Berkata Ibnu ‘Abbas: “Ahludz Dzikri adalah Ahlul Quran (Ahlinya Al Quran), dan dikatakan: Ahli Ilmu (ulama), makna keduanya berdekatan.” (Imam Al Qurthubi, Al Jami’ Li Ahkamil Quran, Juz. 10, Hal. 108)

Dahulu, manusia bertanya dengan cara mendatangi ulama ke majelisnya atau rumahnya. Memang belum ada alternatif lainnya.

Zaman berubah, manusia bertanya kod ulama, atau forum ulama, dengan berbagai fasilitas yang memudahkan. Sebelum zaman internet mereka bertanya lewat surat, telp, dan faksimil. Jawabannya ada yg dibalas langsung, ada yang dibukukan, atau diterbitkan di majalah. Ketika orang lain membacanya maka manfaatnya semakin luas. Bukan masalah “orang lain” langsung mengambil manfaat dr situ, walau tidak bertanya langsung ke ulama krn persoalan mereka sdh terwakili oleh jawaban tsb.

Lalu di zaman internet, lewat email, lalu dijawab langsung kepada penanya, dan kadang diterbitkan pula di website konsultasi syariah, agar dibaca org banyak dan manfaatnya semakin luas. Di zaman medsos, tanya jawab dengan para ulama pun juga menghiasi medsos, dst.

Maka, ini semua sarana untuk mengetahui jawaban sebagian persoalan. Tidak apa-apa mencarinya lewat search engine seperti google, asalkan yang dia rujuk adalah dari konsultan, ustadz, ulama, yang terpercaya, dan kredibel keilmuannya. Itu tidak beda dengan bertanya langsung.

Ada pun jika niatnya ingin belajar secara intensif, tentu tidak cukup dengan halaman dan tayangan pada google, atau sejenisnya. Hendaknya tetap bermajelis dengan guru baik formal dan informal. Agar terjadi timbal balik, diskusi yang lebih luas dan mendalam, mengurai kesulitan yang didapatkan dari buku atau artikel google, dan keberkahan bermajelis pun juga didapatkan.

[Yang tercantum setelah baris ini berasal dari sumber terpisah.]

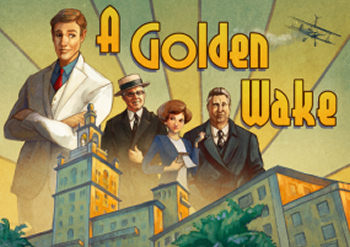 A GOLDEN WAKE![]() Uitgever: Wadjet Eye Games / 2014 Ontwerper: Grundislav Games Platform: PC, Mac, Linux. Systeemeisen: --- Windows ME of hoger - Pentium of hogere processor - Grafische kaart minimaal 640x400, 32-bit kleur, 700 Mhz systeem minumum - DirectX 5.2 - DirectX-compatible geluidskaart - 350 MB HD ruimte. Categorie: Historisch drama, makelaars, mafia, Miami 1920, retrostijl 2D en 2.5D getekende beelden, minigames, 3de persoon, point & click. Beschrijving en review: Dit retro-adventure is het eerste commerciële spel van Grundislav Games, die menigeen wellicht zal kennen van de gratis Ben Jordan spellen. The Golden Wake speelt zich af in de "Roaring Twenties", de wereld van glitter en glamour in de jaren twintig van de vorige eeuw. Het spel is gebaseerd op werkelijke gebeurtenissen en historische figuren, maar blijft natuurlijk een verzonnen verhaal. Makelaar Alfie Banks wordt uit de zaak van zijn overleden vader gewerkt en besluit naar Miami te gaan, waar de onroerend goed zaken flink in opkomst zijn. Hij vindt een baan bij Coral Globes, het belangrijkste makelaarskantoor in de stad. Dat hier toevallig ook nog het mooiste meisje van de stad werkt, is natuurlijk bijzaak. Alfie vervult met succes de taken die hem opgedragen worden. Maar na een aantal jaren wil Alfie niet meer de loopjongen van baas Merrick zijn. Hij heeft ambities en ziet een kans om hogerop te komen in dienst van mafiabaas Fatty Walsh. Maar snel rijk worden heeft ook zo zijn prijs.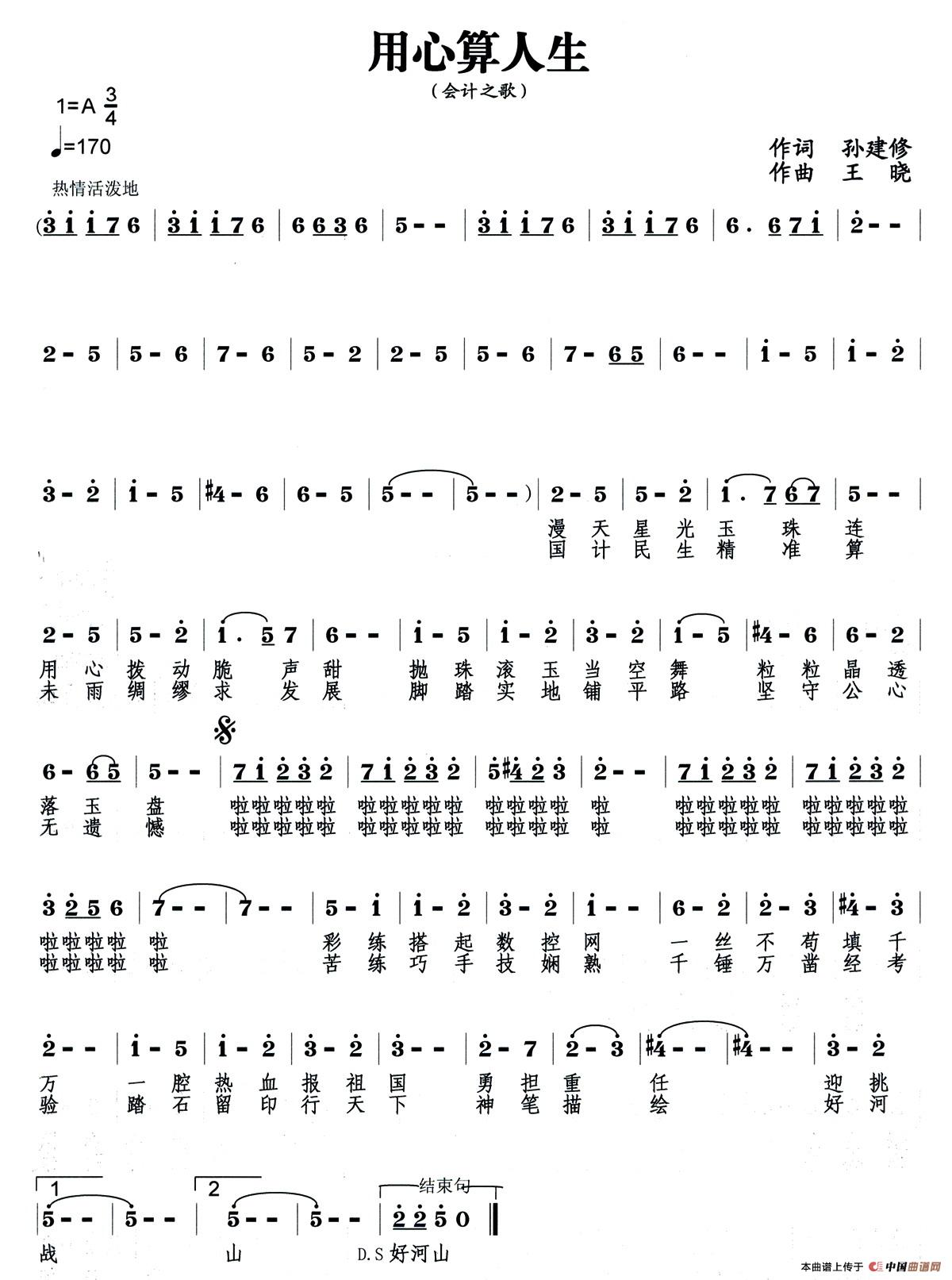 致谢:《中国曲谱网》衷心感谢作者老师馈赠原版歌谱!

Oleh karenanya, Imam Ahmad bin Hambal memberikan nasihat kepada para penuntut ilmu:

إذا كان عند الرجل الكتب المصنفة فيها قول رسول الله – صلى الله عليه وسلم – واختلاف الصحابة والتابعين فلا يجوز أن يعمل بما شاء ويتخير فيقضي به ويعمل به حتى يسأل أهل العلم ما يؤخذ به فيكون يعمل على أمر صحيح.

Jika seseorang memiliki berbagai buku, yang didalamnya terdapat hadits Rasulullah ﷺ, perselisihan para sahabat, dan tabi’in, maka tidak diperkenankan baginya memilih pendapat (semaunya) lalu dia menetapkan perkaranya dengan itu, dan mengamalkannya, sampai dia bertanya dulu kepada ulama ttg apa yang dijadikan olehnya sebagai pegangan itu, agar itu menjadi perkara yang benar.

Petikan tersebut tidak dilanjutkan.